- The data
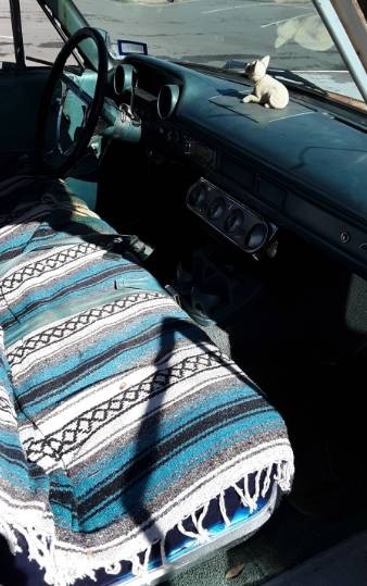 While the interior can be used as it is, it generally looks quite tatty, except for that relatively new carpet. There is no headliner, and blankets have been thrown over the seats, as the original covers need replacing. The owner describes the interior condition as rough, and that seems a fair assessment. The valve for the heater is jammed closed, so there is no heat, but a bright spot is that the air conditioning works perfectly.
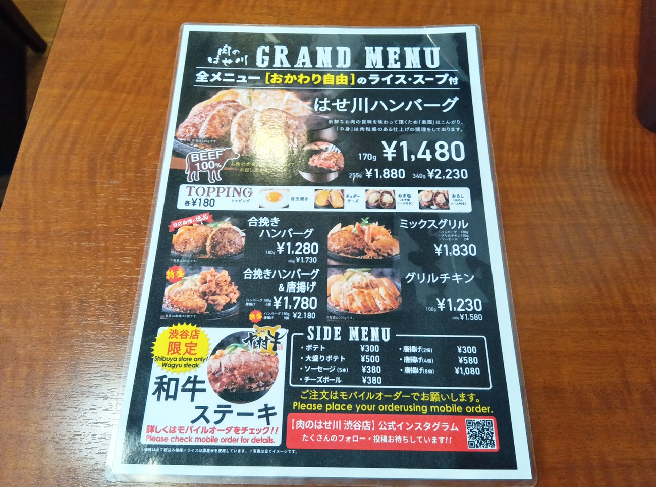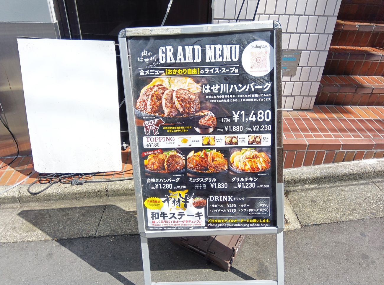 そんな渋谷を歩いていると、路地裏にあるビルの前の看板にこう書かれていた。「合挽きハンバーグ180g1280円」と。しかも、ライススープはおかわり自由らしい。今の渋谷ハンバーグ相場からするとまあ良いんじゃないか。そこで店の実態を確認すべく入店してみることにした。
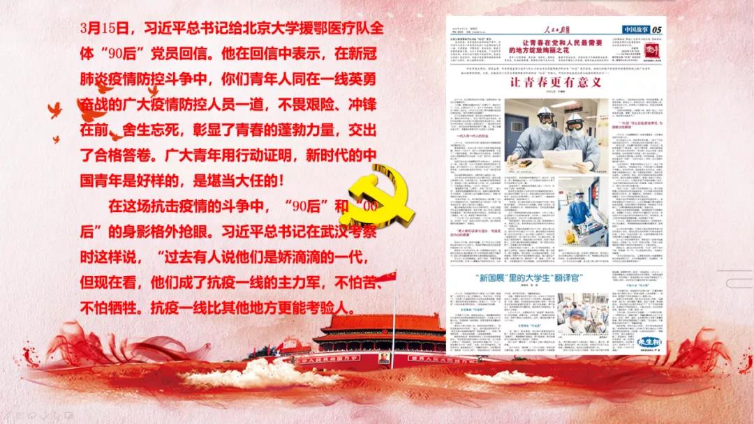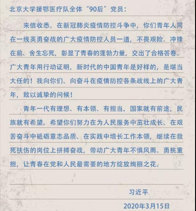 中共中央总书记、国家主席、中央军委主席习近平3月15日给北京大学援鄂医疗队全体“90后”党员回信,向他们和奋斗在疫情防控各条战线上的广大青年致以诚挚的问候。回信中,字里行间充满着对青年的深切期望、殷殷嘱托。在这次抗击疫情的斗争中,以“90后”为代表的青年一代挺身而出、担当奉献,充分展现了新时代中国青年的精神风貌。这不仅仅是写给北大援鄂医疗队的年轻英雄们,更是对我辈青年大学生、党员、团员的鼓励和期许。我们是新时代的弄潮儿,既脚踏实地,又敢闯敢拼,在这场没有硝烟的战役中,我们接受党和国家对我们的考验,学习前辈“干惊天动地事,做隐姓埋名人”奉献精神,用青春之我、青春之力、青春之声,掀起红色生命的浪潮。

- Directions for this task
Every line of the material must be returned verbatim, and pictures must be left behind.

- Completed exercise
 While the interior can be used as it is, it generally looks quite tatty, except for that relatively new carpet. There is no headliner, and blankets have been thrown over the seats, as the original covers need replacing. The owner describes the interior condition as rough, and that seems a fair assessment. The valve for the heater is jammed closed, so there is no heat, but a bright spot is that the air conditioning works perfectly.
 そんな渋谷を歩いていると、路地裏にあるビルの前の看板にこう書かれていた。「合挽きハンバーグ180g1280円」と。しかも、ライススープはおかわり自由らしい。今の渋谷ハンバーグ相場からするとまあ良いんじゃないか。そこで店の実態を確認すべく入店してみることにした。
 中共中央总书记、国家主席、中央军委主席习近平3月15日给北京大学援鄂医疗队全体“90后”党员回信,向他们和奋斗在疫情防控各条战线上的广大青年致以诚挚的问候。回信中,字里行间充满着对青年的深切期望、殷殷嘱托。在这次抗击疫情的斗争中,以“90后”为代表的青年一代挺身而出、担当奉献,充分展现了新时代中国青年的精神风貌。这不仅仅是写给北大援鄂医疗队的年轻英雄们,更是对我辈青年大学生、党员、团员的鼓励和期许。我们是新时代的弄潮儿,既脚踏实地,又敢闯敢拼,在这场没有硝烟的战役中,我们接受党和国家对我们的考验,学习前辈“干惊天动地事,做隐姓埋名人”奉献精神,用青春之我、青春之力、青春之声,掀起红色生命的浪潮。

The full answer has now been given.